#install.packages("broom")
#install.packages("ggplot2")
library(psych) # for the describe() command
library(broom) # for the augment() command
library(ggplot2) # to visualize our results
##
## Attaching package: 'ggplot2'
## The following objects are masked from 'package:psych':
##
## %+%, alpha
# For HW, import the dataset you cleaned previously, this will be the dataset you'll use throughout the rest of the semester
d <- read.csv(file="Data/projectdata.csv", header=T)
We hypothesize that self-esteem will be significantly and negatively correlated with perceived stress, such that individuals with higher self-esteem will report lower levels of perceived stress.
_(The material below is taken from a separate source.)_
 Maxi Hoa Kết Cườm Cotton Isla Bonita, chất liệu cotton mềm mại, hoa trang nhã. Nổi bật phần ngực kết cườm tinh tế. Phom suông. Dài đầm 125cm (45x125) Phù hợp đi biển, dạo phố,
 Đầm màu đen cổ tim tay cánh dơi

My independent variable is: self esteem My dependent variable is: perceived stress
# you only need to check the variables you're using in the current analysis
# although you checked them previously, it's always a good idea to look them over again to be sure that everything is correct
str(d)
## 'data.frame': 1252 obs. of 7 variables:
## $ X : int 1 20 30 31 33 49 57 81 86 104 ...
## $ gender : chr "female" "male" "female" "female" ...
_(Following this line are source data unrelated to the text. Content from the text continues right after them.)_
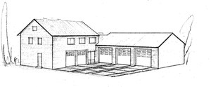 Nach diesem Entwurf blieben von den bisherigen Fahrzeugboxen zwei Einstellplätze erhalten, die als zweiter Werkstattraum und Garage für den Kommandowagen genutzt werden konnten.
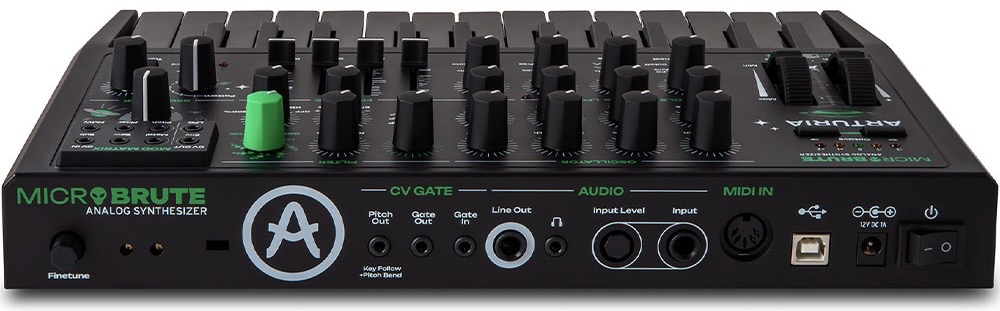 - USB In/Out: Kaksisuuntainen MIDI; käytä MicroBrutea master-koskettimistona tai automatisoi kaikki parametrit DAWista
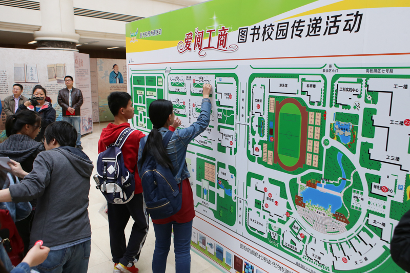 作为本届读书节主打活动之一的“爱阅工商”图书校园传递活动在开幕式中启动。师生票选产生的首批30本优秀图书,由方德英副校长及与会嘉宾交于学生图书推荐人,推荐人在校园地图上标记将要放置图书的位置,并在仪式后将图书传出。活动启动一天以来,已有许多同学通过微博、微信“晒”传出和找到传递书的消息、位置及照片。
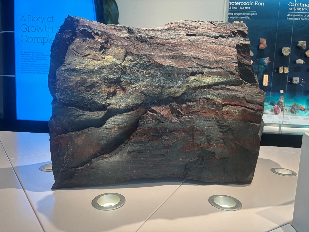 This exhibit provided details on local paleogeography, and the map specifically allowed viewers to connect with places they are familiar with. The display uses vibrant color and intentionally well-placed labeling which draws people in. This is a great inspiration for our own wall art and display design!

## $ employment: chr "3 employed" "1 high school equivalent" "1 high school equivalent" "3 employed" ...
## $ big5_open : num 5.33 5.33 5 6 5 ...
## $ iou : num 3.19 4 1.59 3.37 1.7 ...
## $ rse : num 2.3 1.6 3.9 1.7 3.9 2.4 1.8 3.5 2.6 3 ...
## $ pss : num 3.25 3.75 1 3.25 2 2 4 1.25 2.5 2.5 ...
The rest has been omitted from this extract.